The scene that awaited her outside was a mix of triage and refugee camp. The only serious wounds, of course, were psychological, but these were no less likely to make a victim prone than the physical variety. Molly moved among the survivors, a new flightsuit ridding her of the external stains, leaving only the other kind within her. As she looked for people to tend to, she was amazed at how many of the crewmen were already working to care for the rest, losing themselves in the ability to help another.

She approached Cat, who was spreading some of the blankets from Parsona’s crew bunks out across the forest floor. She touched her shoulder and Cat turned. The two women frowned at each other, eyes glazed over with tears. They hugged, the power in Cat’s arms squeezing out some of the painful stress in Molly’s back.
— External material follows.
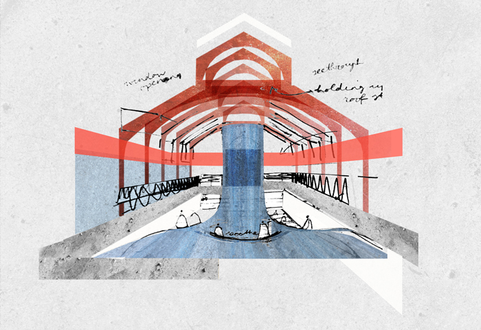 Whilst Marieke Evans from the University of Dundee reconsidered the shared public history of an abandoned Edwardian public bath in Glasgow and conceived plans for larger scale structures including an intercultural community hub called Ashore.

The touch of another, even as the embrace with Walter had shown, gave her hope that she could get over the things she’d seen, could summit the awfulness and perhaps rappel safely down the other side.

“You did good, kiddo,” Cat whispered.

They separated and Molly looked away, rubbing at the bottom of her eyes.

“Where’s Scottie?” Molly asked. “Is he doing okay? Urg—I’m the one who told him to keep looking for—”

“Stop that.” Cat turned her around and held Molly’s shoulders. “Don’t do that. He was doing what he had to. There’s bad luck involved, you’ve gotta remember that.”

Molly nodded, but only to last thing Cat said. She bent over and grabbed two of the blanket’s corners and helped spread it out over the dried leaves and broken twigs. Several crewmen immediately helped others sit down, each of them cradling a cup, bottle, or a mug of water. One of the crewmen—an older woman Molly remembered from the simulator room—tugged on Molly’s elbow and pointed over to a cluster of seated figures.

“The Admiral wants to see you,” the lady said.

Molly turned to Cat. “Be loose with the water. I’ll make a run into Bekkie tonight and top up the tank and load up with food. Don’t let anyone set up camp too close to the thruster wash.”

Cat nodded and gave her arm a squeeze.

Molly took a deep breath and marched over to the small circle where Saunders seemed to be conferring with a group of higher-ups. They fell silent as she approached, their wrinkled eyes swiveling around to watch her. She felt ridiculous standing there, on display, so she sank down to the blanket, and everyone adjusted to make room.

“Admiral.” She gave him a somber look, which took little effort given how she felt.

Saunders glanced around at the others, almost as if on the verge of dismissing them. The gray gentleman—the one from the hallway of the StarCarrier—looked at her warmly, the corners of his mouth curling up.